Happiness and health tend to be identical, and thus move simultaneously, because they are determined by similar factors. Specifically, most covariates have similar pattern in explaining happiness and health. This finding also confirms the results of Oshio and Kobayashi (2010) showing that the socioeconomic factors contributing to both happiness and health are relatively similar in direction. The results suggest that happiness and health are mostly explained by similar covariates: association membership, trust, education, income, unemployed, regional unemployment rate and national income inequality. These results confirm previous studies regarding the relationship among social capital, companionship, happiness and health (Subramanian et al. 2002; Helliwell et al. 2013). The importance of trust on happiness may stem from the fact that trustful people tend to have a positive outlook to other people. Being married or in a partnership is an important factor for predicting happiness. As has been argued by Argyle (2001) and Lane (2000), social relationships (including marriage and friendship) are the most significant predictors of happiness. This finding confirms previous studies about social support and its relationships with happiness and health.

Income is a positive predictor of both happiness and health. The proposition that ‘money does buy happiness’ has been examined in this study and the finding confirms that income is indeed important for happiness and health. However, at regional levels, regional GDP has no significant relationships with either happiness or health.

Unlike the majority of studies of happiness and health that use the country level as level 2, this study uses region as level 2 and country as level 3. We observe that in each country, happiness and health vary across regions. This finding is deserving of further study, because information about regions can provide a better understanding of both happiness and health. The effects of regional and national factors on happiness and health are apparent. The variation in the measures of happiness and health is attributable to regional and national levels. The findings suggest that the variations between countries are larger than the variations between region, meaning that the country level is more attributable in explaining happiness and health than the regional level. However, regional variations cannot be neglected. This extends previous findings that conclude that the country level contributes about 5 % of variations in happiness and health (Eikemo et al. 2008b). This paper provides a significant contribution in that it accounts for the variations in happiness and health at the regional level in Europe.

The main limitation of this research is that it uses cross-sectional data and as such cannot capture change over time at either the individual, regional or national level. It is recommended that future research make use of panel data on individuals and regions. This will increase understanding and provide a detailed explanation of changes in happiness and health over time. Moreover, since the relationship between happiness and health may suffer from the endogeneity problem, future research can address this issue.
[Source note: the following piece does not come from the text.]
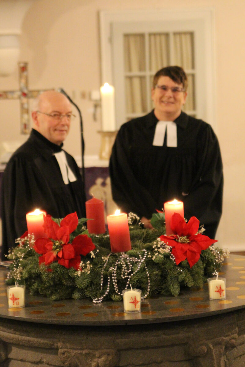 Herr Thinius an der Orgel begleitete unseren gemeinsamen Gesang: „In das Warten dieser Welt“ und ein aus vollen Lungen kräftig gesungenes „O du fröhliche“. Ohne zuverlässige Helferinnen und Helfer im Hintergrund geht natürlich nichts: Frau Treptow im Küsterdienst, das Technikteam und die Schülerlotsen. Herzlichen Dank allen Beteiligten und Mitfeiernden. Die Kollekte für Utho Ngathi machte deutlich, dass wir besonders auch an Weihnachten über den Tellerrand hinausschauen können.

Despite these limitations, this paper provides evidence that happiness and health are correlated, even after controlling for standard covariates. The residual correlations show that happiness and health are more correlated at regional and national levels than at the individual level. Covariates at regional levels between happiness and health tend to be similar. The implication for policy makers is that maintaining happiness and health should be addressed jointly both at regional and national levels.